GC41G-02
Changes in U.S. Temperature Extremes under Increased CO2 in Millennial-scale Climate Simulations
Thursday, 17 December 2015: 08:15
3003 (Moscone West)
Whitney K Huang1, Michael Stein2, Elisabeth J Moyer2, Shanshan Sun3 and David McInerney4, (1)Purdue University, West Lafayette, IN, United States, (2)University of Chicago, Chicago, IL, United States, (3)University of Chicago, Department of the Geophysical Sciences, Chicago, IL, United States, (4)University of Adelaide, Adelaide, Australia
Abstract:
Changes in extreme weather may produce some of the largest societal impacts from anthropogenic climate change: present-day weather damages are dominated by rare events that happen only every several decades or more. However, it is intrinsically difficult to estimate changes in those rare events from the short observational record. We therefore look for insight to climate models, where we can generate long simulations. In this work we use millennial runs from the Community Climate System Model version 3 (CCSM3) in equilibrated pre-industrial and future (700 and 1400 ppm CO2) conditions. We examine both how extremes change using 1000-year timeseries, and how well these changes can be estimated based on shorter pieces of these runs. We estimate changes to distributions of future annual temperature extremes (wintertime minima and summertime maxima) in the contiguous United States by fitting generalized extreme value (GEV) distributions using the block maxima approach. Our results show that the magnitude of summer warm extremes largely shifts in accordance with mean shifts in summertime temperatures, and their distribution does not otherwise change significantly. In contrast, winter cold extremes warm more than mean shifts in wintertime temperatures, with changes in spread and skewness at inland locations that lead to substantial changes in tail behavior. We then examine uncertainties that result from using shorter model runs. In principle, GEV modeling allows us to predict infrequent events using timeseries shorter than the recurrence frequency of those events. To investigate how well this approach works in practice, we estimate 20-, 50-, and 100-year extreme events, first in the full 1000-year model timeseries and then using segments of 20 and 50 years.

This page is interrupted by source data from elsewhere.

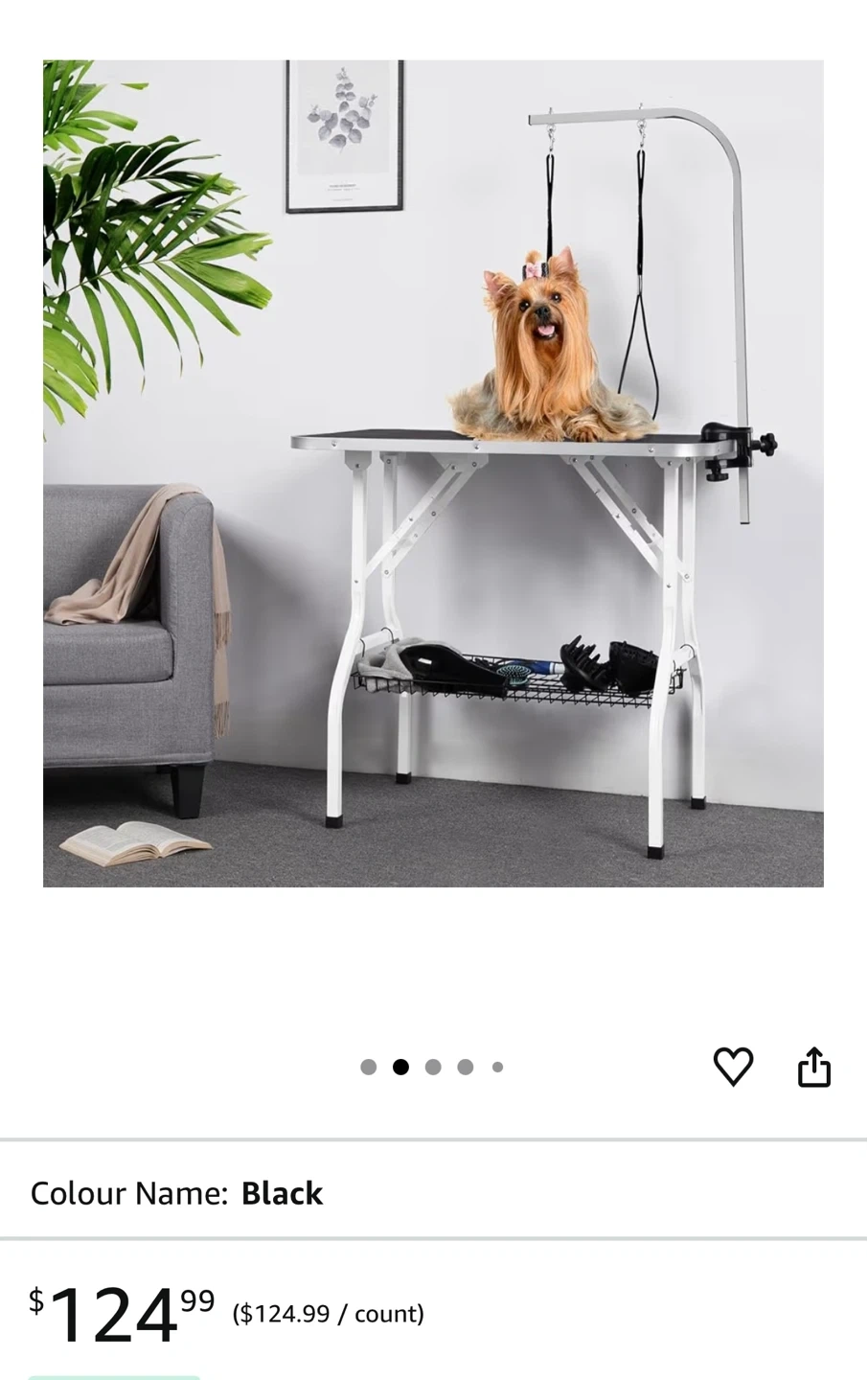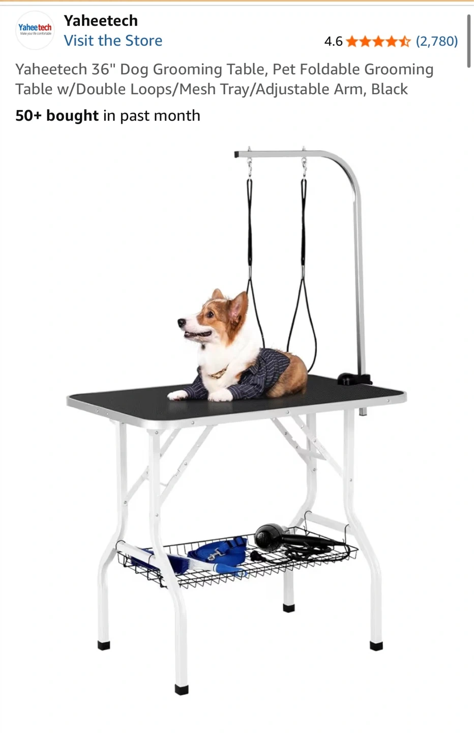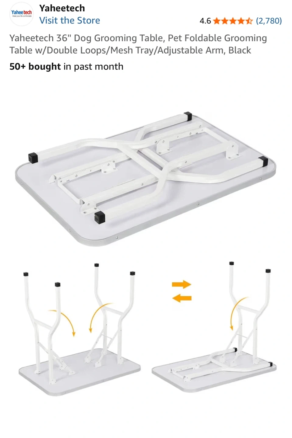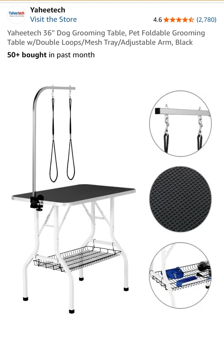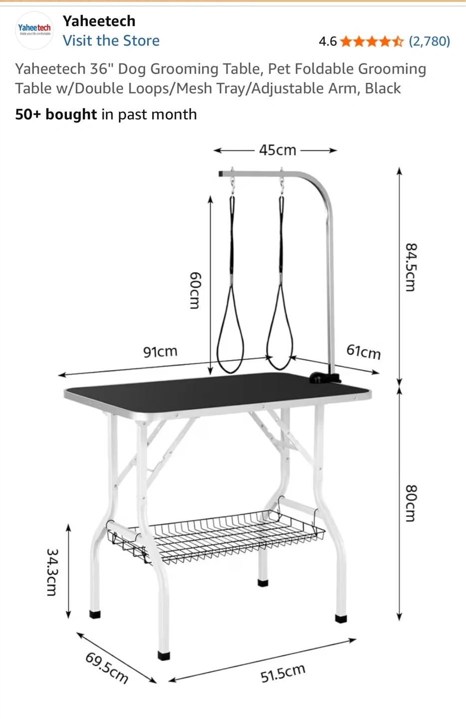 This black Yaheetech grooming table is 36 inches and foldable. It's equipped with a mesh tray and an adjustable arm with double loops. Dimensions are 91cm L x 61cm W.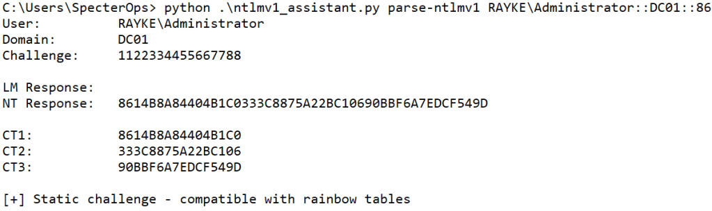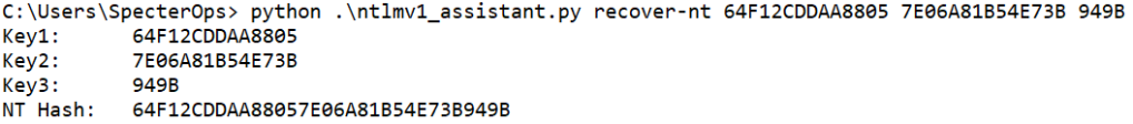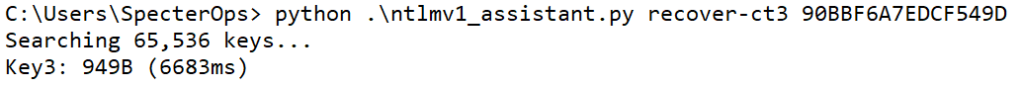 We’ll need to repeat this process twice for both CT1 and CT2; however, CT3 is only two bytes with some padding, so it can be recovered with the NTLMv1 assistant.
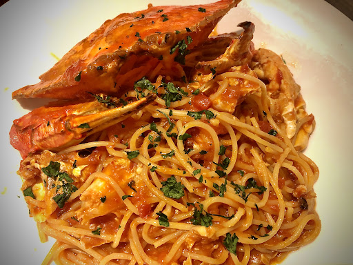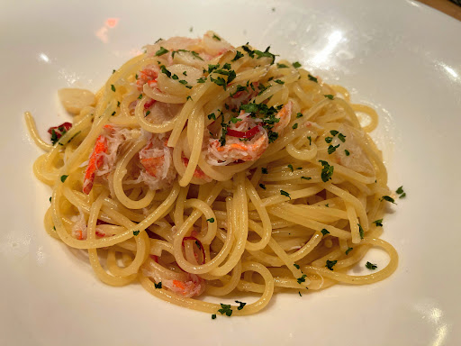 パスタは紅ズワイガニたっぷりペペロンチーノを選択。 あっさりめのペペロンチーノ。 カニも中にもう少しホロホロ入っています。 パスタの硬さもちょうどいいです。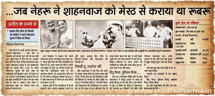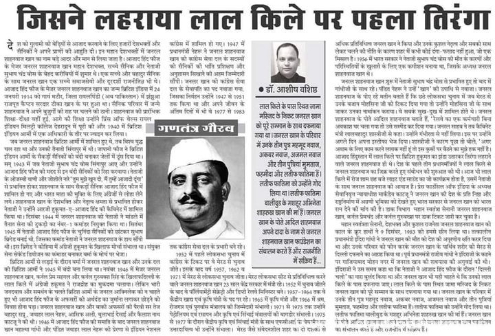 जनरल शाहनवाज खान, आजाद हिंद फौज के पहले मेजर जनरल . लाल किले से ब्रिटिश हुकूमत का झंडा उतारकर तिरंगा लहराने वाले शाहनवाज को क्यों भूल गया ये शहर “स्टूडीओ धर्मा” जनरल शाहनवाज खान के ज़ज़बे,ईमानदारी और देश प्रेम को सलाम पेश करता हैं 1952 में जब देश में लोकतंत्र की कोपलें फूट रहीं थीं तो भारत माता के सिपेहसालार जनरल शाहनवाज खान को मेरठ ने सिर आंखों पर बिठाया। पहले लोकसभा चुनाव में कांग्रेस के टिकट पर जनरल शाहनवाज खान मेरठ के पहले सांसद बने। 1952 से 1971 तक लगातार चार बार सांसद चुने गए। जिस शहर की गली-गली में कभी शाहनवाज का नाम गूंजता था। आजाद हिंद फौज के पहले मेजर जनरल आज मेरठ में ही गुमनाम हैं। रावलपिंडी में जन्मे थे जनरल साहब मेजर जनरल शाहनवाज खान का जन्म 24 जनवरी 1914 को रावलपिंडी, पाकिस्तान के मटौर में हुआ था। पिता झंझुआ राजपूत कैप्टन सरदार टीका खान थे। वह 1940 में ब्रिटिश इंडियन आर्मी में अधिकारी नियुक्त हुए। आजाद हिंदुस्तान में लालकिले पर ब्रिटिश हुकूमत का झंडा उतारकर सबसे पहले तिरंगा लहराने वाले जनरल शाहनवाज ही थे। लालकिले पर हर शाम होने वाले प्रकाश एवं ध्वनि शो में नेताजी के साथ जनरल शाहनवाज की ही आवाज है। 23 साल तक केंद्र सरकार में मंत्री रहे। 1952 में पॉर्लियामेंट्री सेक्रेटी, डिप्टी रेलवे मिनिस्टर बने। 1957-64 तक खाद्य एवं कृषि मंत्री रहे। शाहनवाज खान ने लंबे समय तक विविध मंत्रालय संभाले और देश को तरक्की का तोहफा बख्शा। जब आजादी के समय भारत और पाकिस्तान का बंटवारा हुआ तो वह हिन्दुस्तान से मोहब्बत के चलते यहां आ गए। इसके लिए उन्होंने अपने पूरे परिवार को छोड़ दिया। परिवार क्या बल्कि भरापूरा परिवार-बीवी, तीन बेटे, तीन बेटियां। प्रसिद्ध बॉलीवुड अभिनेता शाहरुख खान की मां लतीफ फातिमा को उन्होंने ही गोद लिया था। शाहरुख के पिता शाहनवाज खान के साथ ही पाकिस्तान से भारत आए थे। बाद में उन्होंने दोनों की शादी भी कराई। 1956 में भारत सरकार ने नेताजी सुभाष चंद्र बोस की मौत के कारणों और परिस्थितियों के खुलासे के लिए एक कमीशन बनाया था, इसके अध्यक्ष भी जनरल शाहनवाज खान ही थे। कोई याद ही नहीं करता रक्षापुरम से आगे एडब्ल्यूएचओ कॉलोनी में जनरल शाहनवाज खान की बहू, पोते और पूरा परिवार रहता है। जनरल खान के बड़े पोते आदिल खान कहते हैं, हमने कई बार सरकार और प्रशासन से कहा कि शहर में जनरल साहब की याद में कोई स्मारक बने, लेकिन सुनवाई नहीं हुई। थक हारकर हमने ही 2010 में जनरल शाहनवाज मेमोरियल फाउंडेशन बनाया। हर साल उनकी बरसी पर जामा मस्जिद के पास मजार पर आयोजन करते हैं। यह दुर्भाग्य और अपमान है उस सपूत का, जिसने आजादी की लड़ाई में अपने कदम नहीं डिगने दिए। नेहरू जी ने स्वयं जनरल साहब को मेरठ से चुनाव लड़ने भेजा था, लेकिन आज

We find that even with GEV modeling, timeseries that are of comparable length or shorter than the return period of interest can lead to very poor estimates. These results suggest caution when attempting to use short observational timeseries/model runs to infer infrequent extremes. For evaluating changes in extremes, future model intercomparison exercises may need to include longer runs or more extensive ensembles.